A proposito della ricorribilità ex art. 111 comma 7 Cost.
avverso le sentenze dell’Alta Corte disciplinare
di Niccolò Ludovici
Sostituto Procuratore presso il Tribunale di Siena
1. Il nuovo art. 105 comma 7 prevede: “contro le sentenze emesse dall’Alta Corte in prima istanza è ammessa impugnazione, anche per motivi di merito, soltanto dinanzi alla stessa Alta Corte, che giudica senza la partecipazione dei componenti che hanno concorso a pronunciare la decisione impugnata”
2. Molti autori hanno sostenuto che le suddette sentenze sarebbero pacificamente ricorribili in Cassazione ai sensi dell’art. 111 comma 7 Cost. il quale recita: “contro le sentenze e contro i provvedimenti sulla libertà personale, pronunciati dagli organi giurisdizionali ordinari o speciali, è sempre ammesso ricorso in Cassazione per violazione di legge.
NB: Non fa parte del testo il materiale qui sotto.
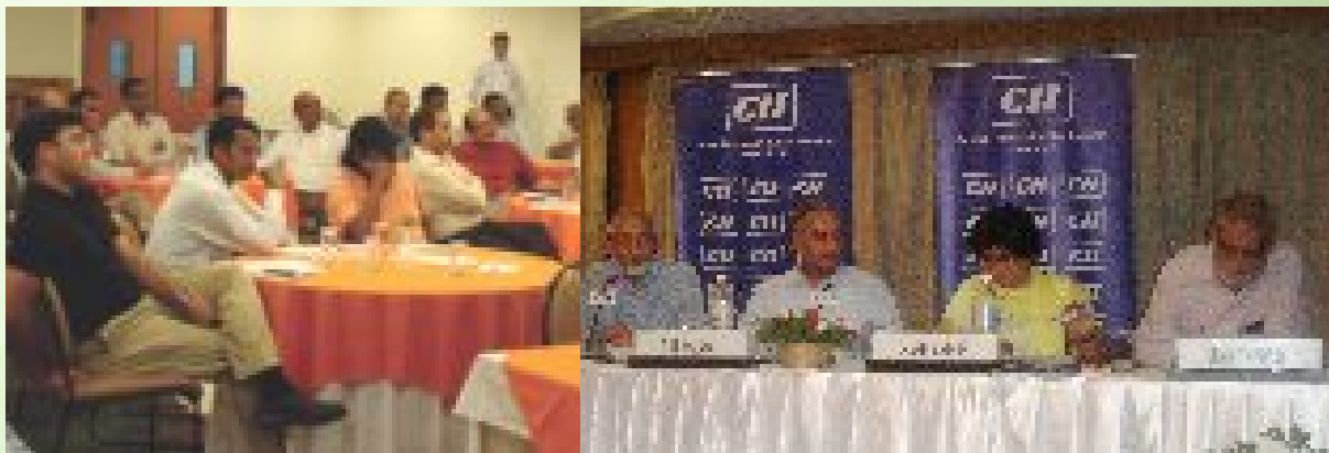
Membership meet at Parwanoo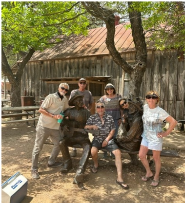
With Willie and Waylon and the boys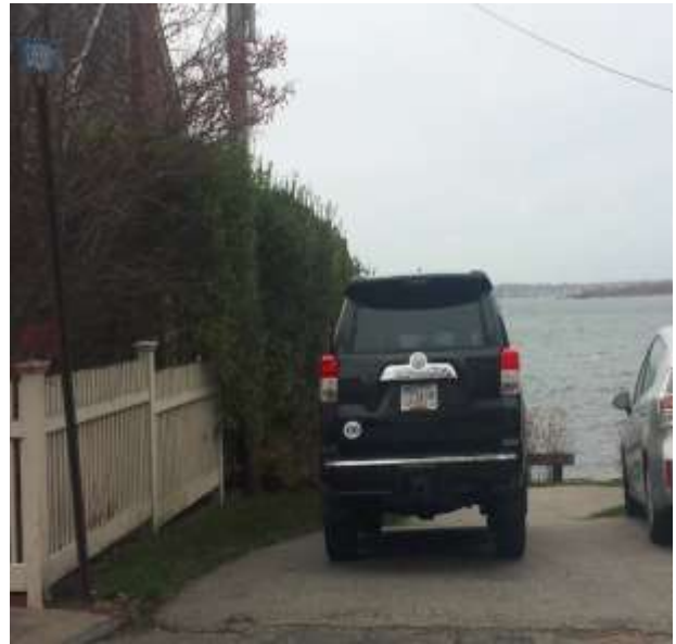
Z-10 Cherry Street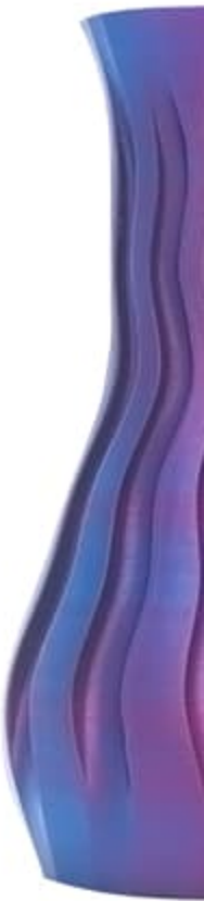
● Silk PLA Rainbow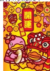
B. Duck CNY B. Duck 賀年咭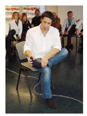
Massage the foot 1. Hold the ankle and turn the foot slowly left and right. 2. Let follow the hands what it feels good.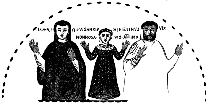
CHRISTIANS PRAYING. Decoration of the Catacombs.

"A man should never pray for his necessities in the first three prayers and not in the last three prayers, but in the middle one ; for, as Rabbi Chanina says, in the first three prayers he must be like the servant and expatiate in praise of his Lord."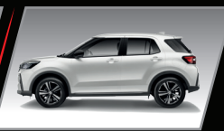
Pearl Diamond White**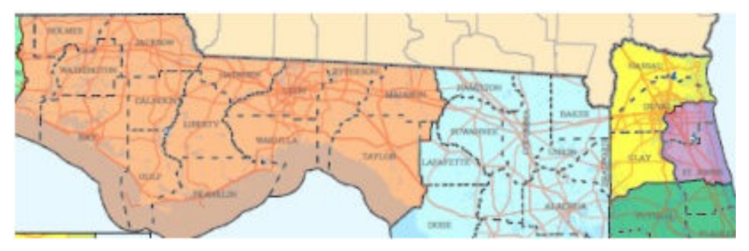
The Governor's Third Proposed Map, as Enacted into Law.

On April 13, the Governor submitted his third and final map, which was ultimately enacted into law (the "Enacted Plan"). (PX 7190). It took Benchmark CD-5's Black voters and dispersed them across the newly configured CDs 2, 3, 4, and 5—which are whiter, richer, and more educated than Benchmark CD-5.

Si può derogare a tale norma soltanto per le sentenze dei tribunali militari in tempo di guerra.”
3. Si tratta di affermazione che è meno pacifica di quello che sembra per le seguenti ragioni.
Il ricorso straordinario per cassazione ex art. 111 comma 7 della Costituzione
4. La parte dell’art. 111 comma 7 cost., che prevede il ricorso in Cassazione contro i provvedimenti sulla libertà personale, non ha niente a che vedere con il disciplinare dei magistrati ordinari.
Tale disposizione riguarda la materia penale nella quale è stato introdotto il rimedio del riesame nel merito dei provvedimenti sulla libertà personale da parte del c.d. tribunale della libertà, i cui provvedimenti sono a loro volta impugnabili in Cassazione.
5. La parte dell’art. 111 comma 7 cost., che invece interessa in questa sede, è quella per la quale è ammesso ricorso straordinario in cassazione per violazione di legge avverso tutti i provvedimenti definitivi e decisori a prescindere dalla loro veste formale (sentenza, ordinanza)[1].
Per decisorietà, la giurisprudenza della Cassazione intende l'idoneità alla risoluzione di una controversia in ordine a diritti soggettivi o status; per definitività, o «idoneità al giudicato» intende invece l'inesistenza di rimedi diversi dal ricorso ex art. 111 Cost.
La funzione della norma è quella di garantire che la Suprema Corte possa assicurare «l'esatta osservanza e l'uniforme interpretazione della legge, l'unità del diritto oggettivo nazionale, il rispetto dei limiti delle diverse giurisdizioni» (art. 65 R.D. 12/1941).
A livello procedurale, il ricorso straordinario in Cassazione è diretto ad una sezione civile della Suprema Corte e segue le regole del codice di procedura civile (v. art. 360 comma 5 cpc)
6. L’art. 111 comma 7 cost. non garantisce, in ogni caso, un doppio grado di giurisdizione di merito, né appare del tutto idoneo a fondare un vero e proprio diritto soggettivo all'impugnazione.
Tale strumento si colloca, cioè, al di fuori del sistema del giusto processo in senso stretto, costituendo, piuttosto, il fondamento storico della funzione nomofilattica della Cassazione.
Il ricorso alle Sezioni Unite civili della Cassazione avverso le sentenze della Sezione disciplinare del CSM nel sistema vigente.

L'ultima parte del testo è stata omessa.